Performance best practices

This page provides performance best practices for optimizing kdb Insights Enterprise deployments across key areas such as querying, ingestion, and end-of-day processing.

Query

Learn about:

Attributes and schema
Response serialization
getData and User Defined Analytics (UDAs) vs SQL
Threads
Replicas

Attributes and schema

Key to the performance of a kdb+ database is appropriate schema design and choice of attributes.

Additionally, symbols allow rapid access to string data. They should not be used for random or large-cardinality string columns as they cannot be garbage collected when no longer necessary; performance degrades as symbols are added.

Response serialization

The kdb Insights Database supports QIPC binary and REST with JSON and binary payloads.

REST, along with JSON, allows for a convenient query method, but has significant serialization overhead compared to the much faster QIPC binary serialization format.

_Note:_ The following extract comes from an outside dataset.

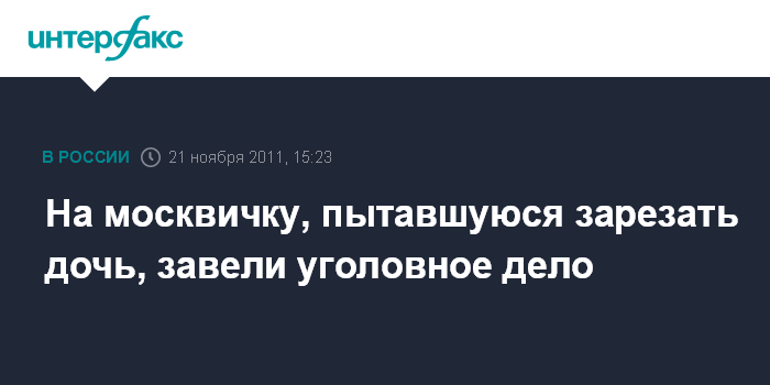 Москва. 21 ноября. INTERFAX.RU - Столичные следователи СК РФ возбудили уголовное дело в отношении психически больной женщины, пытавшейся убить свою малолетнюю дочь, сообщила официальный представитель следственного управления СК по Москве Виктория Цыпленкова.

You can use the QIPC binary format from a REST call by specifying the application/octet-stream Accept header:

curl -X POST --header "Content-Type: application/json" \
    --header "Accept: application/octet-stream" \
    -o results.dat \
    --data "{\"table\":\"trades\"}" \
    "http://${SERVICE_GATEWAY}/kxi/getData"

`getData` and User Defined Analytics (UDAs) vs SQL

SQL offers a convenient method to explore data within an kdb Insights Database, but can be slower in comparison to the getData API and q UDAs that are crafted for a specific purpose from q. For best performance, use getData where possible.

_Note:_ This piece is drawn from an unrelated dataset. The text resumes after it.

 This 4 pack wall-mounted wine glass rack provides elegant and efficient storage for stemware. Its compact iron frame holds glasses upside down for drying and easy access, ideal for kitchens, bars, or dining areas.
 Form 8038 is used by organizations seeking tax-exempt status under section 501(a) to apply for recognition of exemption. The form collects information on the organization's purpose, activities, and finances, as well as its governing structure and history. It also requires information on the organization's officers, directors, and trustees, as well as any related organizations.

To further reduce performance variability and SQL taking resources from getData and UDAs queries, SQL is disabled by default on the non-qe gateway. SQL is only accessible through the resource-isolated qe gateway, and the kdb Insights Enterprise UI makes use of this for all queries made within the UI.

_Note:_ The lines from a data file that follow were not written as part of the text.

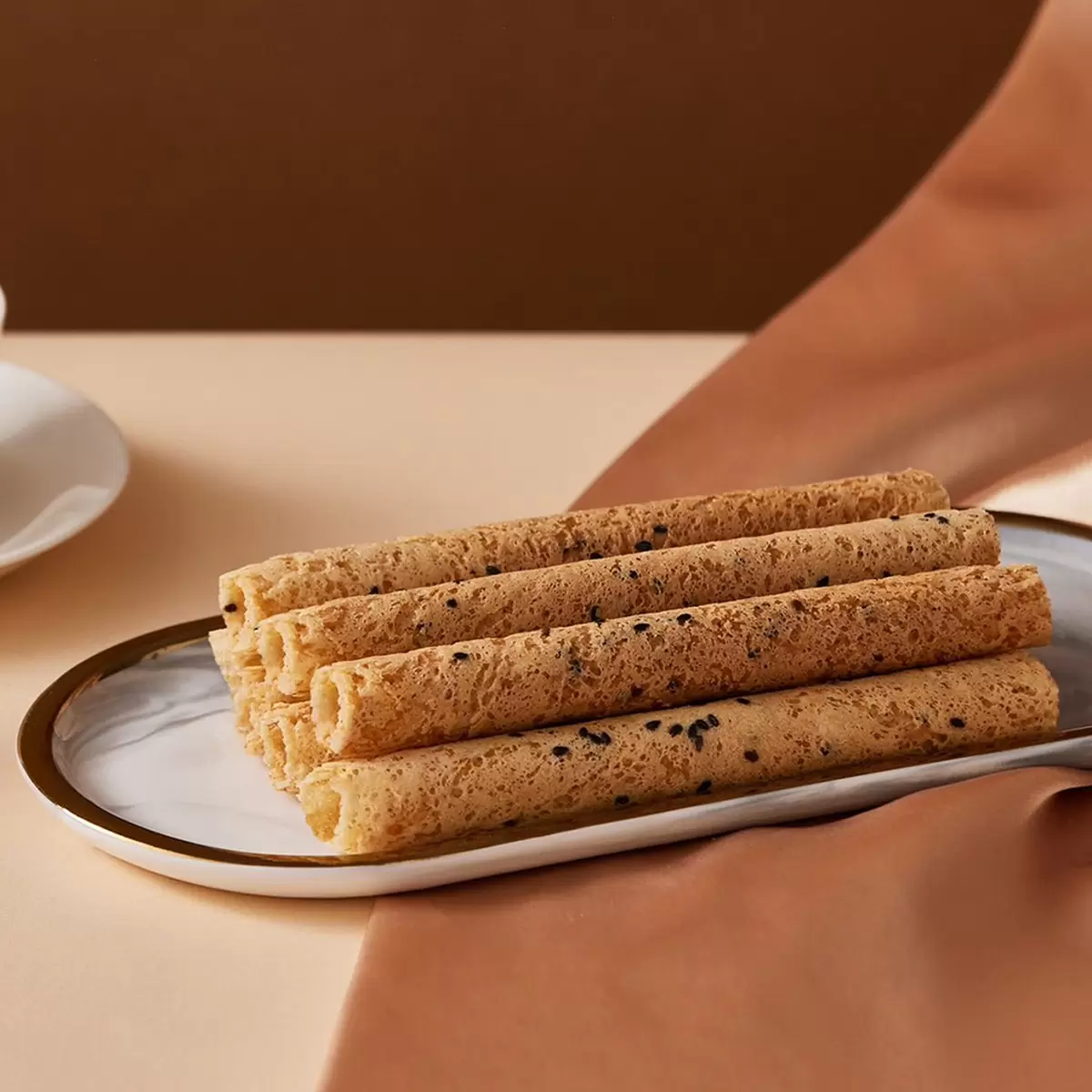 • 蛋香濃郁的酥脆蛋捲搭配精選黑芝麻粒,層層口感,香氣十足。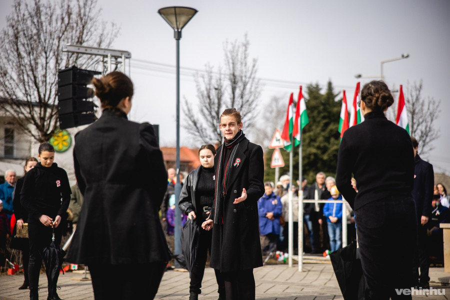 A hagyományokhoz hűen a Dózsa György-téren tartották kedd délelőtt a megyeszékhely központi Március 15-i ünnepségét. Az ünneplők közt a város vezetői, politikai és civil szervezetek, kisebbségi önkormányzatok és több kulturális és közintézmény képviselői is tiszteletüket tették.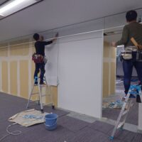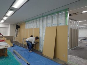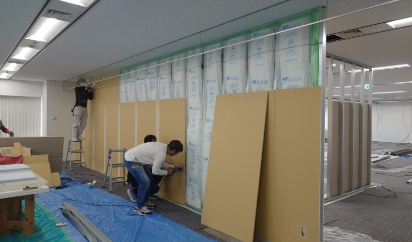 スタッドの間に入っている袋がグラスウールになります。 弊社では、細部にも気を遣って提案や工事をさせて頂きます。 事務所新設や移転、レイアウト変更をお考えの際はぜひ一度お声かけください。 CONTACT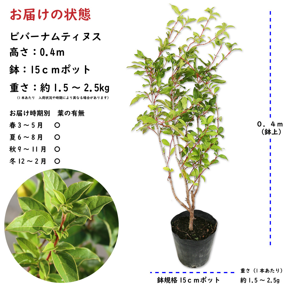 ビバーナムティヌス 0.4m 15cmポット 3本 苗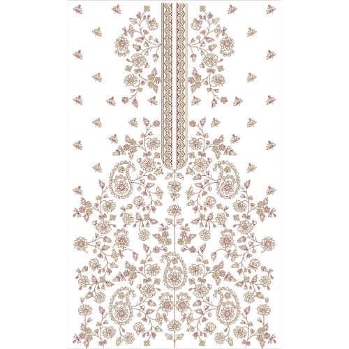 The use of soft beige and earthy tones enhances the timeless and sophisticated appeal of the design. The combination of delicate floral vines with structured neckline detailing results in an elegant embroidery pattern ideal for formal wear, festive attire, and premium ethnic fashion collections.
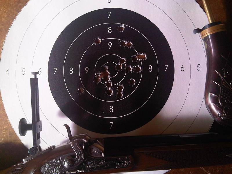 Trece tiros, el primero un 7 a las dos, despues el 8 a las tres y despues el 9 a las tres y el resto no han ido mal a excepcion de el 6 que es el resultsdo de una mala carga devido a la estrechez del cuello del embudo, se a obstruido la polvora y he hechado la semola encima y al sacudir se ha mezclado y ha salido un tiro raro. Ya lo he solucionado agrandando el cuello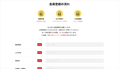 新規営業時のサポートツールとしてや、既存取引先の満足度向上・ニーズ掘り起こし材料として活用するため、サイトは完全会員制に。BtoB向けのため1アカウントを取引先の複数人が共有することを想定し、読者ユーザーの作成及びパスワード変更はサイト管理者のみが行えるしくみにしています。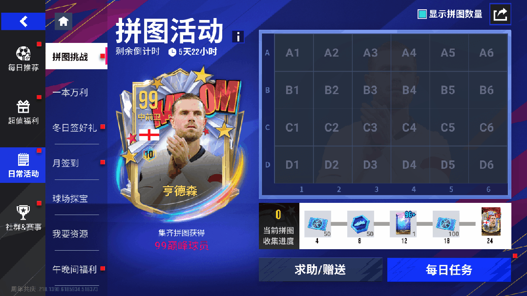 【拼图挑战】集齐24块拼图碎片,即可领取99巅峰球员【亨德森】,玩家可通过每日任务与好友交换获取拼图碎片。

Scaling can be done by increasing the number of threads or replicas.

Threads

Query performance benefits from additional threads when a query uses built-in primitives. The number of threads should match the number of CPUs allocated to each DAP. Refer to query scaling for details on how to configure threads for DAPs in your deployment.

Replicas

Data Access Processes are individual kdb+ processes, which, while fast in executing queries, are single-threaded. To increase query throughput and the number of concurrent queries, rather than execution of a single query, you can use additional DAP replicas. The gateway makes use of all replicas available when load-balancing query work. Refer to query scaling for details on how to configure a number of replicas in your deployment.

Ingestion

Learn about:

Batch publishing
blockSize
Compression
EOD processing
Interval configuration
Multi-threading

Batch publishing

Publishing individual rows in each message causes significant overhead in message processing within both SM and DA. To vectorize the ingestion operations, batch publisher messages as much as possible (e.g., publish a message of the form (<table-name>; <many-records>) rather than (<table-name; <row>)).

`blockSize`

The blockSize configuration within SM controls how frequently data should be written to disk. If this value is too small, the Storage Manager flushes to disk too often. If this value is too high, the RAM limits are less impactful. If the blockSize is omitted, a default blockSize of 12 million records (per table) is used.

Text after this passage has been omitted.